**Assigned task**
Exact copy, no pictures: repeat the data that follows.

**Data provided**
^^^^^^^^^^^^^^^^

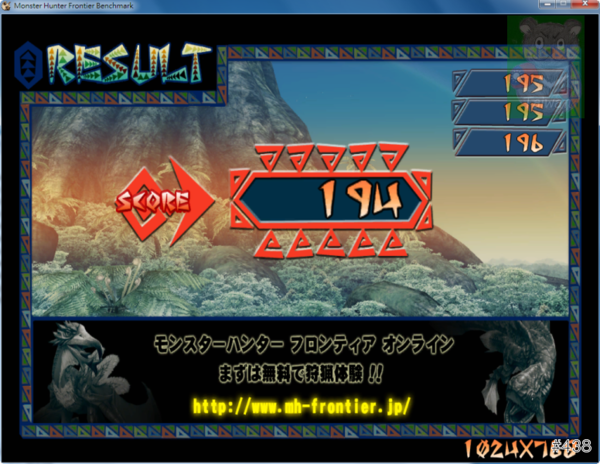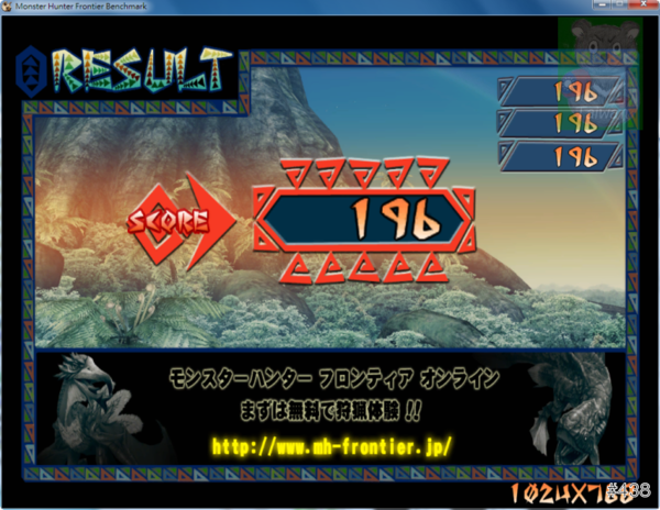 也小小的利用Monster Hunter Frontier Benchmark 測試了一下、這個有發現有趣的現象…讓您自己觀察發覺與回文跟馬克一起研究好了!
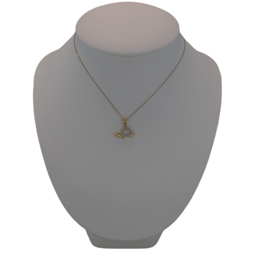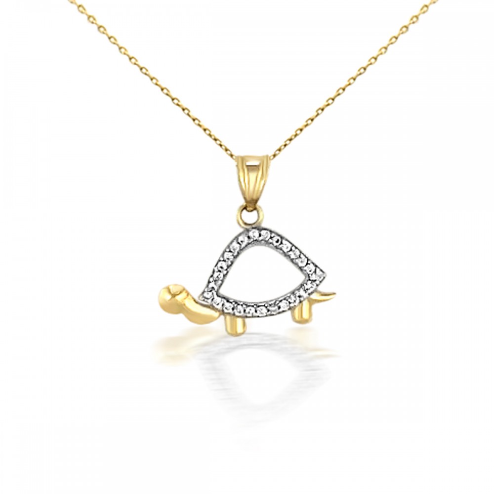 Prívesok korytnačka zo 14 karátového zlata zdobený kryštálmi.
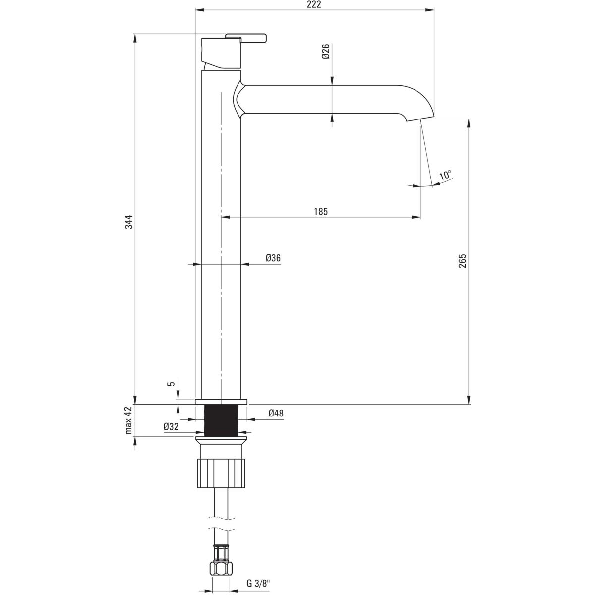 - fester Auslauf aus Messing mit einer Auslaufweite von 18,5 cm

^^^^^^^^^^^^^^^^

**Solution to this task**
 也小小的利用Monster Hunter Frontier Benchmark 測試了一下、這個有發現有趣的現象…讓您自己觀察發覺與回文跟馬克一起研究好了!
 Prívesok korytnačka zo 14 karátového zlata zdobený kryštálmi.
 - fester Auslauf aus Messing mit einer Auslaufweite von 18,5 cm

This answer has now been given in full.